DATA TO USE Start Marker
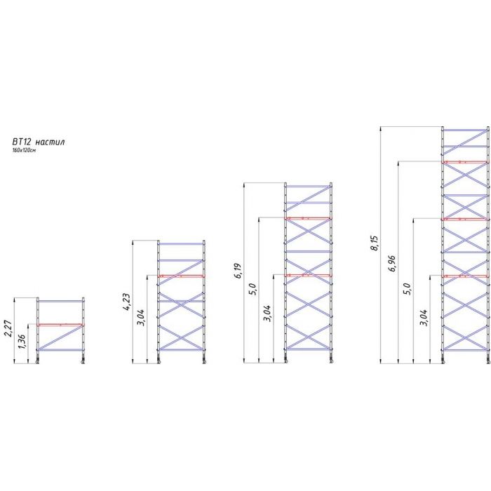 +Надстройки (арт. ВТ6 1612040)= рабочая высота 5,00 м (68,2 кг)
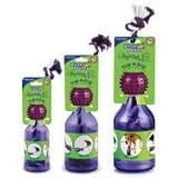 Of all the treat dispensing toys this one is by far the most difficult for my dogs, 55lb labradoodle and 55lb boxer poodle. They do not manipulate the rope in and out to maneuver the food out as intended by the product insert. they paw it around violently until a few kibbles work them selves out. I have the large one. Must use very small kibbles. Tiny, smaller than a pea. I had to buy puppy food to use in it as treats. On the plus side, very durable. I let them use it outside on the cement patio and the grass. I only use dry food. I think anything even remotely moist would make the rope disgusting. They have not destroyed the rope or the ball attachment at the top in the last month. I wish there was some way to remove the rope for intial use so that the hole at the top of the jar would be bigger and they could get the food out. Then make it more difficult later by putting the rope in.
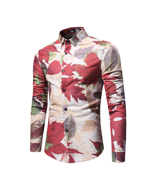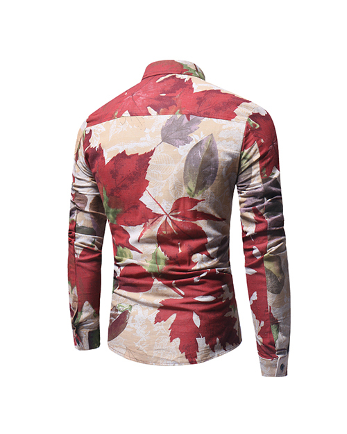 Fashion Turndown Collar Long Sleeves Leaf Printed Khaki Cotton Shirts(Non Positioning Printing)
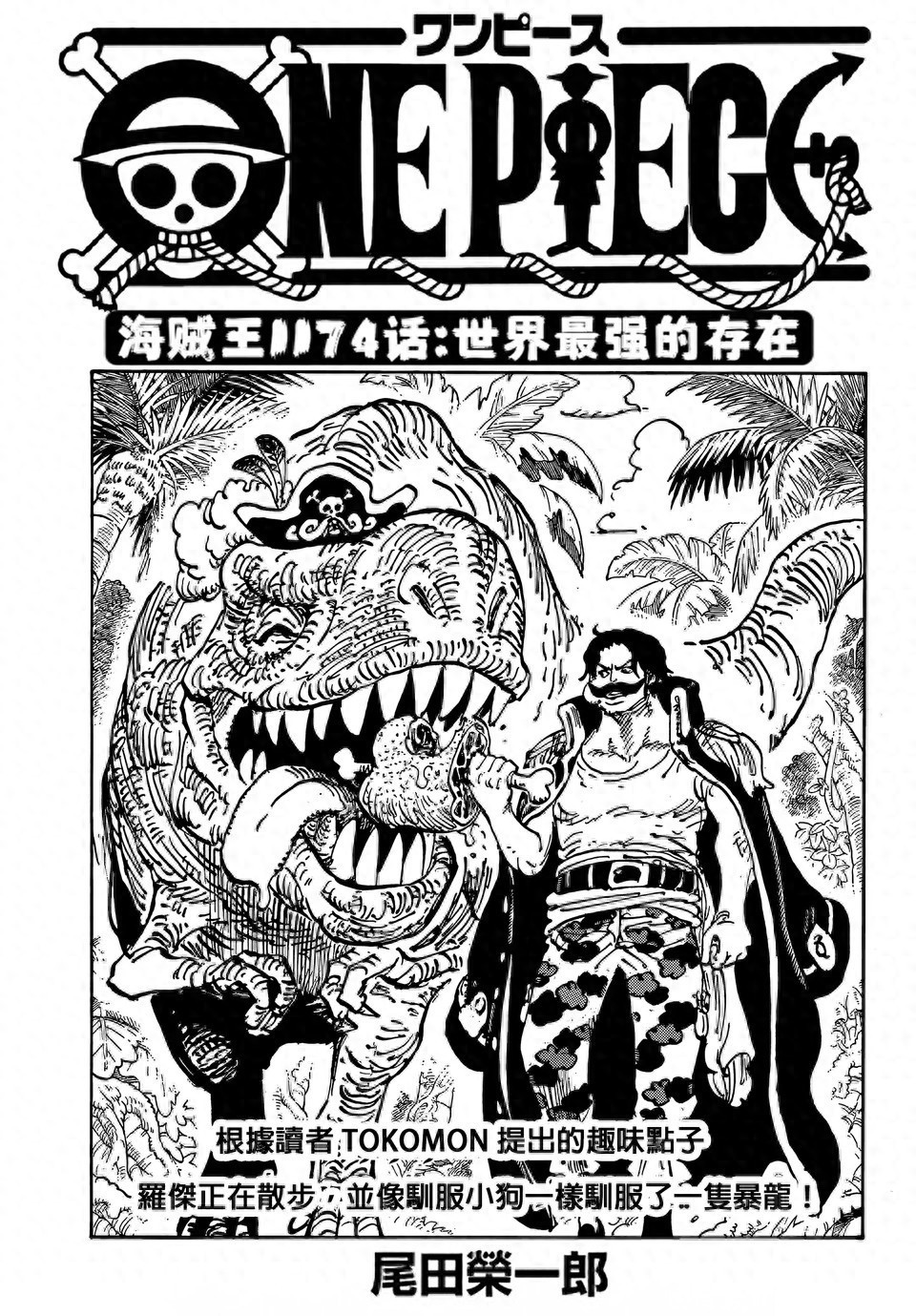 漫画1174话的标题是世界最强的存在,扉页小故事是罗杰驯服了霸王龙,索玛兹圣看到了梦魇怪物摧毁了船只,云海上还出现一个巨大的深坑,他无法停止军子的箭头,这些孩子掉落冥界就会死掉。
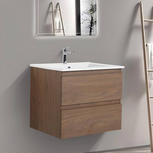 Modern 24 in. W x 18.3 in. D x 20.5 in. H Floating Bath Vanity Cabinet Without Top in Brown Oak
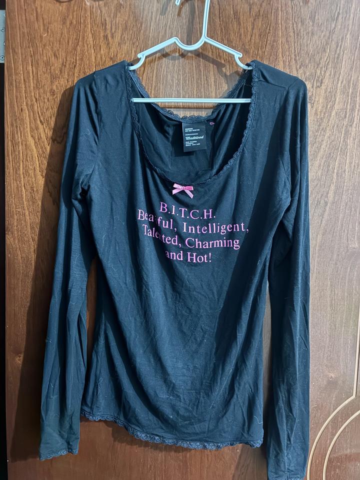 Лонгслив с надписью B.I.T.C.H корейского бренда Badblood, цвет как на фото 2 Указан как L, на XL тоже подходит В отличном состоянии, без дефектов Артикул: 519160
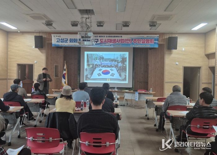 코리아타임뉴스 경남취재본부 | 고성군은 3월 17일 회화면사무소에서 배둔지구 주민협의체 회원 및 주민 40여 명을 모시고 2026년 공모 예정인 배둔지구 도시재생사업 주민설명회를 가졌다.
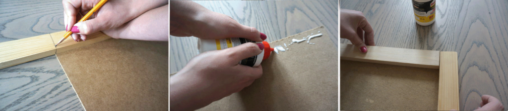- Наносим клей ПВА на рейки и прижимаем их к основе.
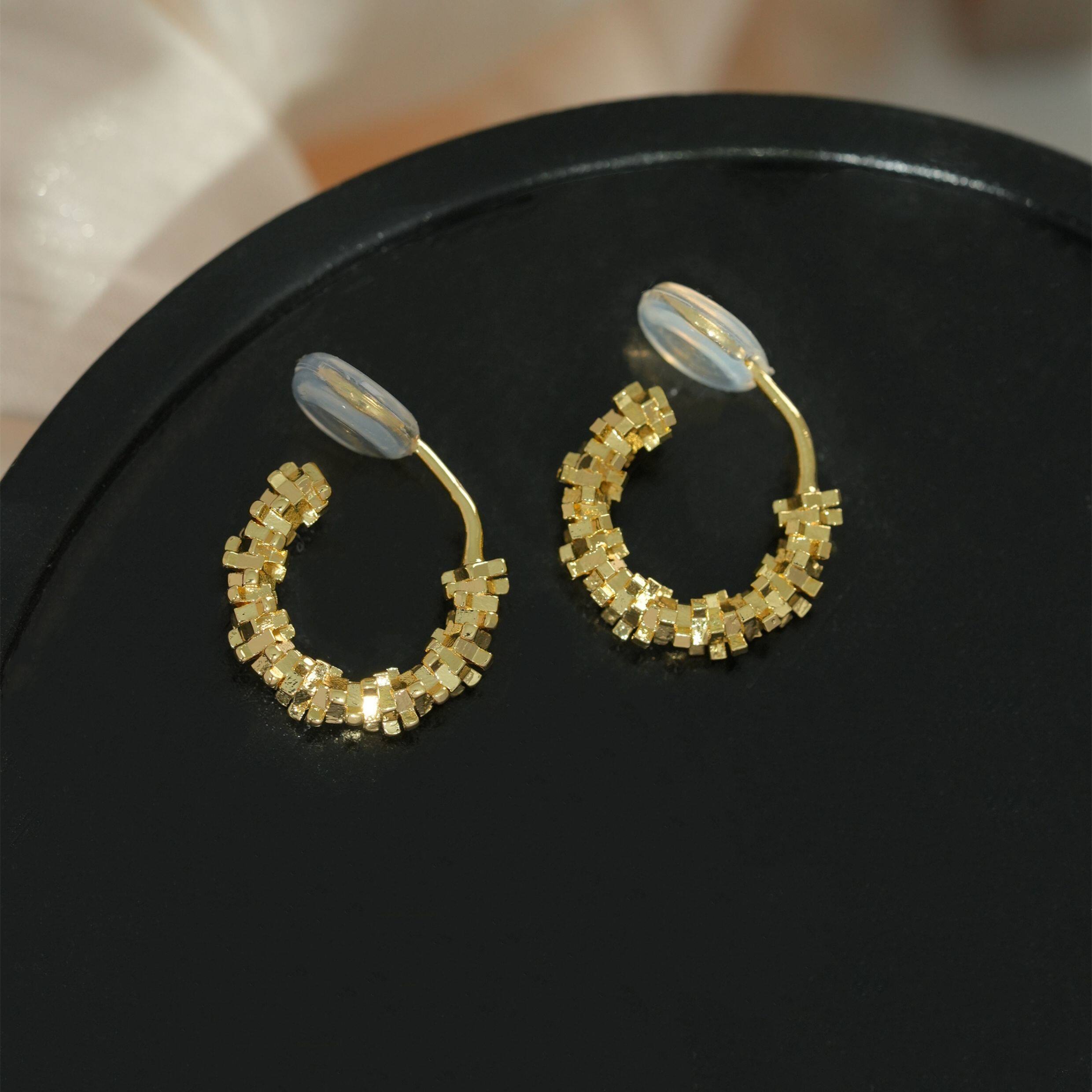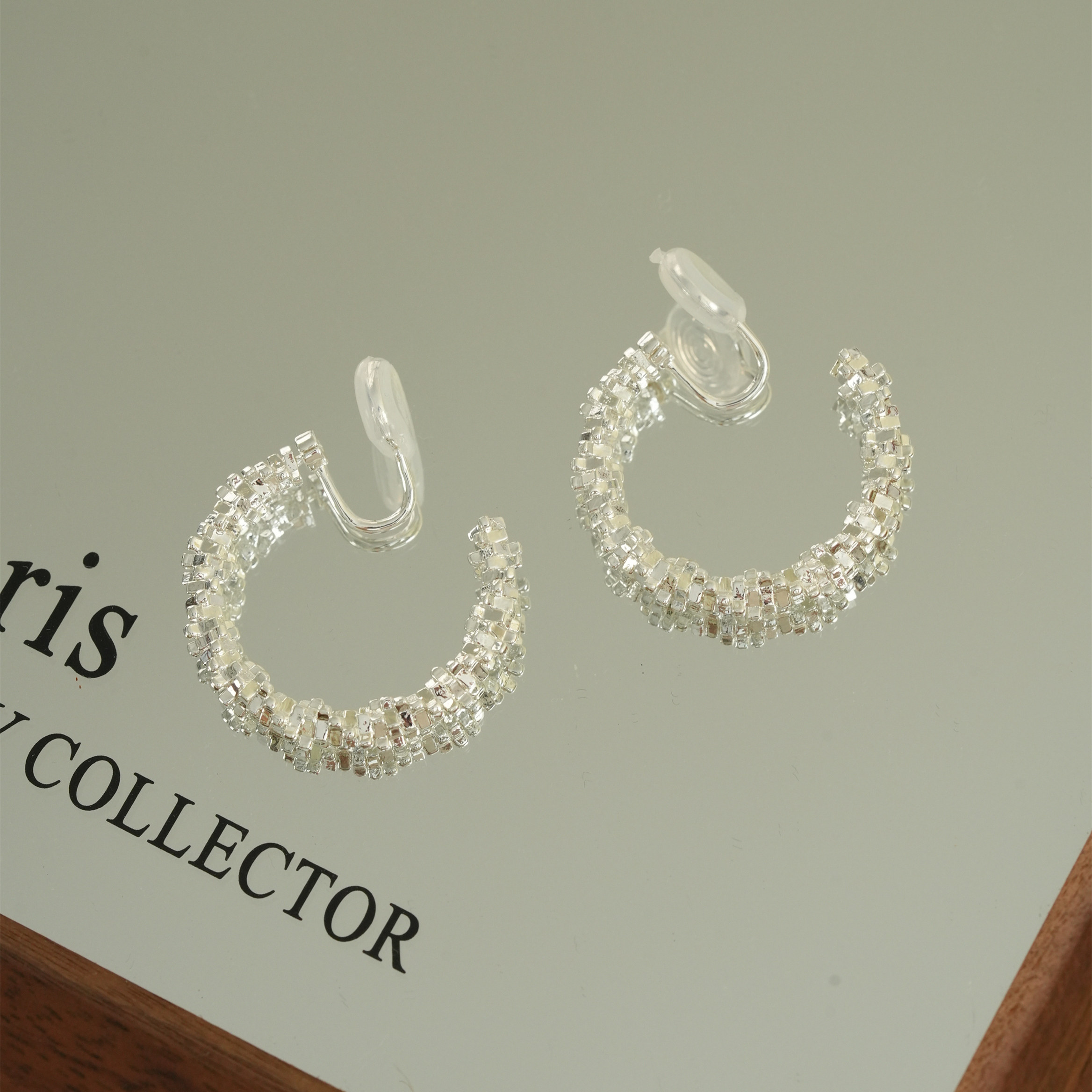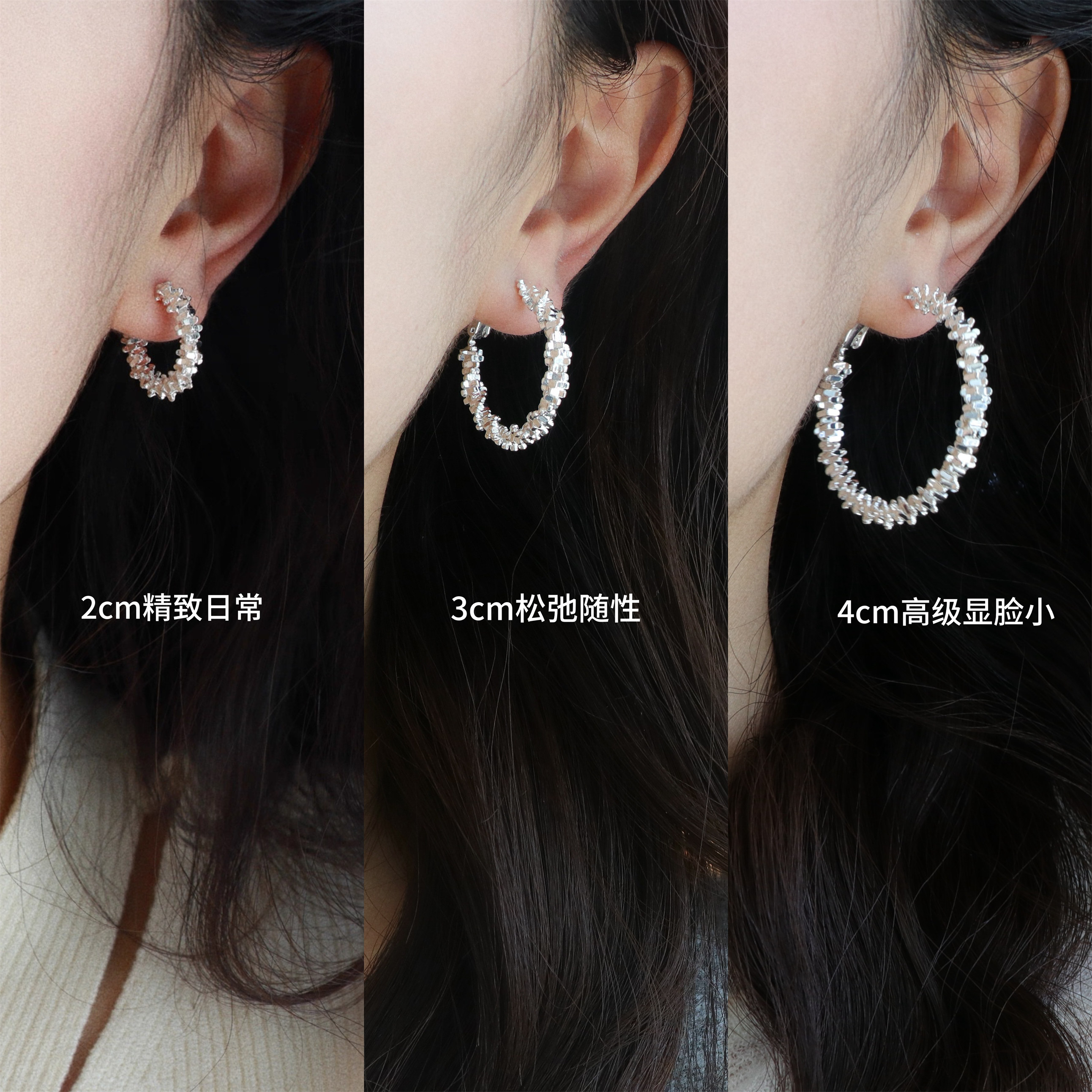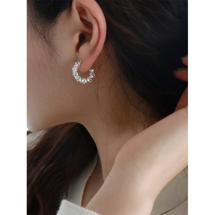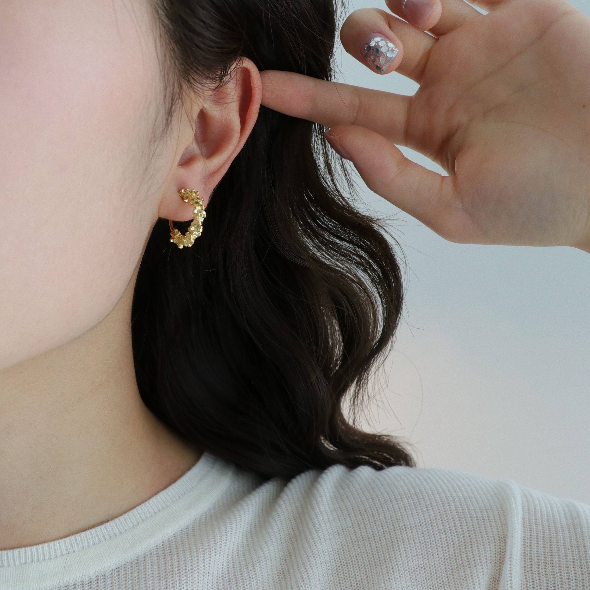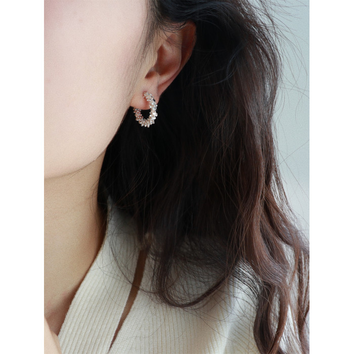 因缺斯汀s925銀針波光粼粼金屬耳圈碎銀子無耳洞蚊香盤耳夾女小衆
DATA TO USE End Marker
AIM OF THE TASK.
From the line containing "- Наносим клей" down to the last line of the entries above, copy each line exactly and nothing more. Leave pictures out.

WRITTEN ANSWER.
- Наносим клей ПВА на рейки и прижимаем их к основе.
 因缺斯汀s925銀針波光粼粼金屬耳圈碎銀子無耳洞蚊香盤耳夾女小衆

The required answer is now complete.